Wednesday 5 August 2015

How credible is the ending of Collateral?

Most people don't understand the ending, and think it's just a traditional Hollywood happy ending, another deus ex machina to give us what we expect.



Very few viewers seem to realize that the ending is not just the final confrontation between Max and Vincent, but between their own philosophy on life itself. Vincent is an extremely well-disciplined hitman but his outlook is fundamentally nihilistic in nature. While he appreciates the spontaneity embodied by the jazz music they discuss, and seems to thrive on adaptability, in the end he loses the gunfight precisely because he's become too set in his patterns (specifically, his rote technique of shooting a Mozambique-type failure drill by firing a double tap into the sternum, and a third shot to the head).



In contrast, Max, the man who has lived the past twelve years of his life in a regimented, automated pattern (visit his mother, keep the cab clean, always look to his photo of the Maldives to calm his nerves, etc), learns via Vincent to break out of his habits and realize his full abilities as a person. Vincent's speeches about improvisation, adaptation, taking risks, and appreciating spontaneity set the stage for Max's transformation, and it's Vincent's threats that force him to take action when Vincent finally starts threatening the people he cares about (his mother, Daniel, Annie, etc). Under stress, Max manages to find himself and succeeds at putting on a performance for Felix, crashes the taxi to wrest control of the situation back away from Vincent, and finally manages to muster the courage to directly confront him in the last few scenes.



Going into the final shootout, these factors are what determined who won, and why. Vincent becomes stuck following his predetermined path of killing Annie, and can't break free of his imperative of finishing the job, even though a hitman as experienced as he should have known to call it off by then. Max has found himself under fire, and once running is no longer an option, realizes he has to finally make a stand. Vincent's penultimate statement "I do this for a living!" reflects the fact that he no longer knows or remembers any other way than what he's doing.

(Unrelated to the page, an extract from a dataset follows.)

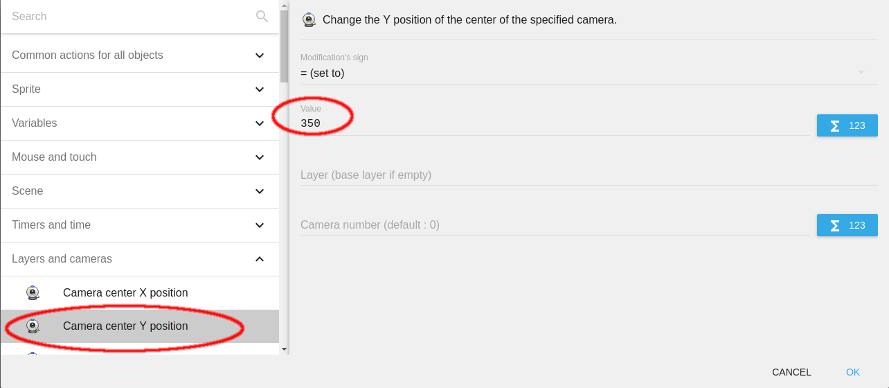 For example, to change the position of the camera, you can go to Layers and Cameras followed by Camera center X position. The right part of the window will now display configurable parameters.
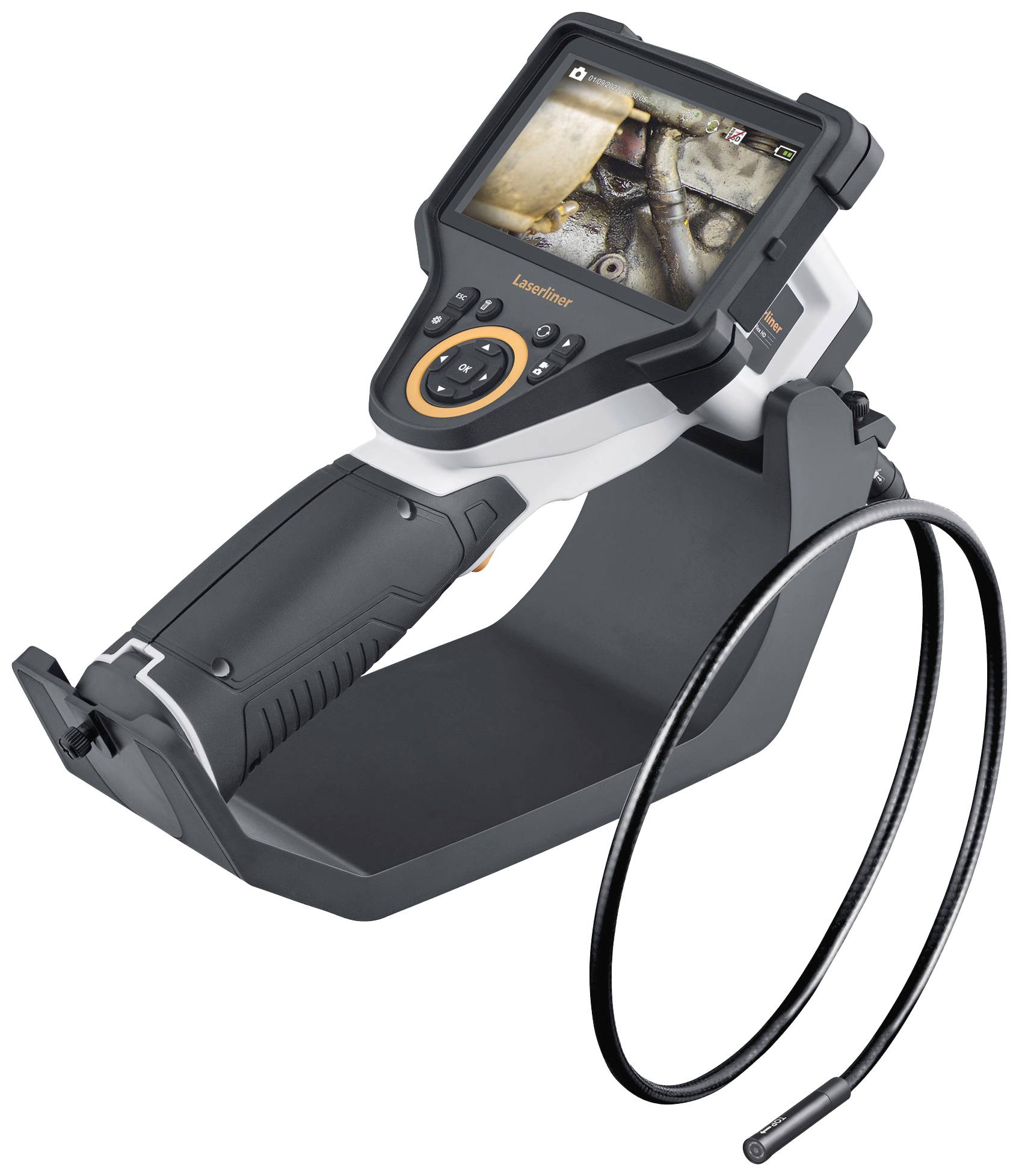 Das professionelle Videoinspektionssystem mit wechselbarer Front- und Seitenansicht ist ideal für genaue visuelle Kontrollen in Rohrleitungen, Wandhohlräumen und Kraftfahrzeugen. Der sehr kleine Kamerakopf eignet sich optimal für schmale Öffnungen, beispielsweise an Motoren, Getrieben oder Karosserien. Die hochauflösende Kamera ermöglicht sehr detailreiche Bild- und Videoaufnahmen mit 1:1-Wiedergabe auf dem Display ohne Qualitätsverlust. Durch den klaren digitalen Zoom lassen sich Details hervorragend erfassen. Weitere Vorteile sind die erstklassige LED-Objektbeleuchtung, optimale Kontrastwiedergabe von Grauabstufungen und der magnetische Ständer. Am benzin- und dieselresistenten Kamerakopf können die Magnet- und Hakenaufsätze zum Anziehen oder Anheben von schwer erreichbaren Gegenständen angebracht werden.

At the moment of gunfire, Vincent attempts to engage Max using the exact same tactic he's used all throughout the film: double tap to the chest followed by a headshot. He sees Max, he aims at Max, he fires...but he's no longer able to process changes or adapt to them, and he fails to register or react to the presence of the steel door frame between them. All three of the shots from his stolen S&W impact the door frame and fail to penetrate (which is fairly realistic). In contrast, we can see Max clearly close his eyes and fire blindly. He's not become some super-skilled gunman, he's simply learned how to let go and act rather than stall, delay, or deny reality. Most of his shots go wild, but one passes through the window and is just good enough to score a vital hit on Vincent. Luck, but luck driven by their respective mental states at the time. Max won because he succeeded at learning from Vincent's philosophy, while Vincent died because he lost track of the same.